● Directions for this task
All lines from the one containing "不过,仔细探究一番之后,还是" through the end of the data below are to be repeated exactly, with pictures left out.

● Stored data
──────────────────────────────
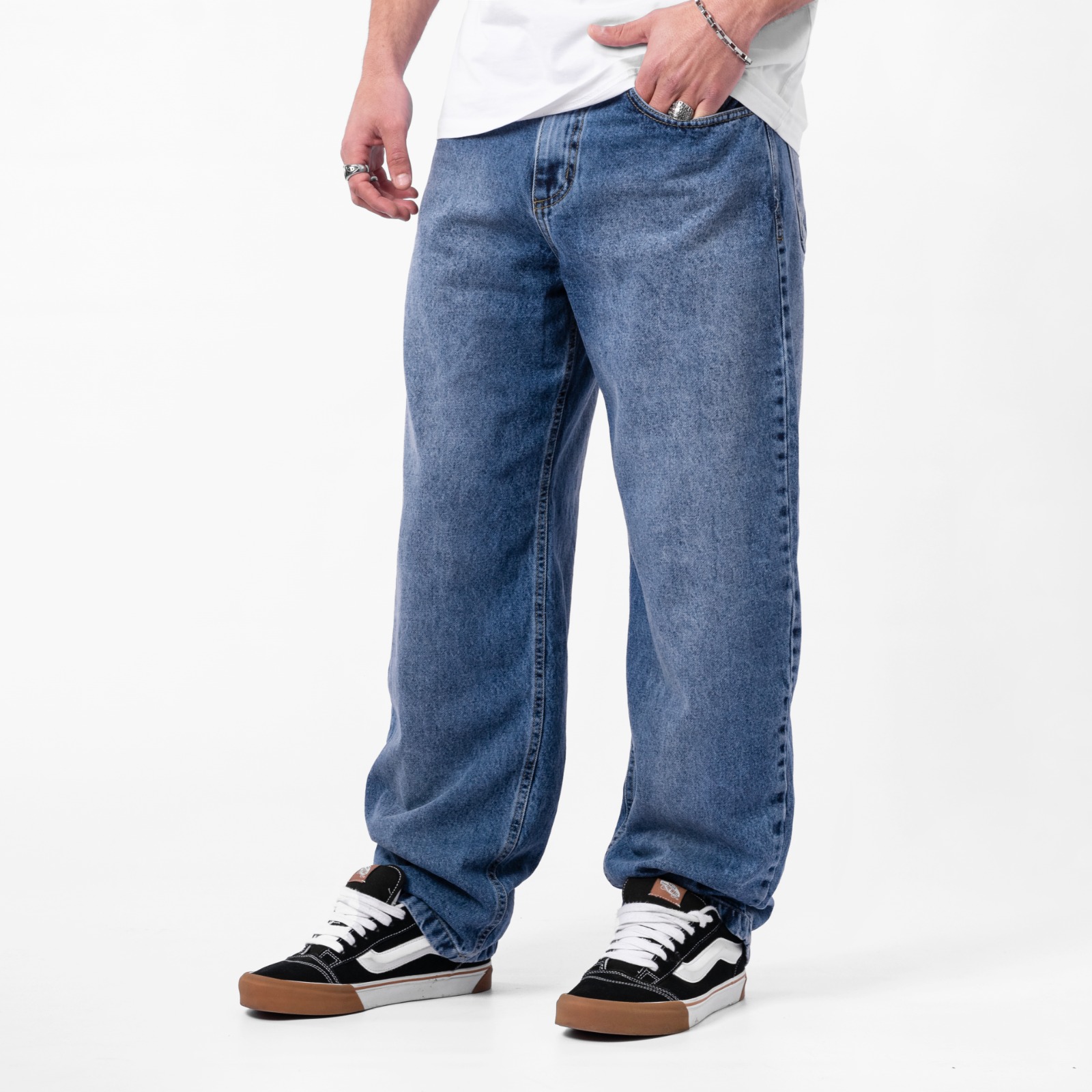 RAPTOR | PANTALON BAGGY CELESTE DENIM LISO RIGIDO TALLES 38 AL 48 VOLSANO
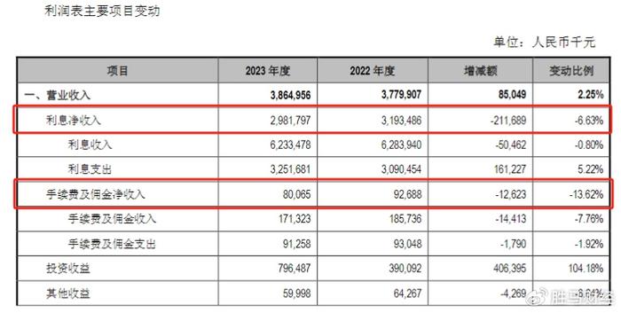 不过,仔细探究一番之后,还是能从江阴银行的财报中感受到一股冷意。一来,该行净息差由前一年的2.18%降至去年的2.06%。对应利息净收入从31.93亿元降至2023的29.82亿元。此外手续费及佣金的净收入的下降比例也超过了10%。
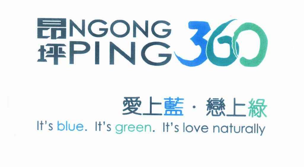 商标名称:昂坪 爱上蓝恋上绿 NGONGPING ITS BLUE ITS GREEN ITS LOVE NATURALLY 360
──────────────────────────────
● Task solution
 不过,仔细探究一番之后,还是能从江阴银行的财报中感受到一股冷意。一来,该行净息差由前一年的2.18%降至去年的2.06%。对应利息净收入从31.93亿元降至2023的29.82亿元。此外手续费及佣金的净收入的下降比例也超过了10%。
 商标名称:昂坪 爱上蓝恋上绿 NGONGPING ITS BLUE ITS GREEN ITS LOVE NATURALLY 360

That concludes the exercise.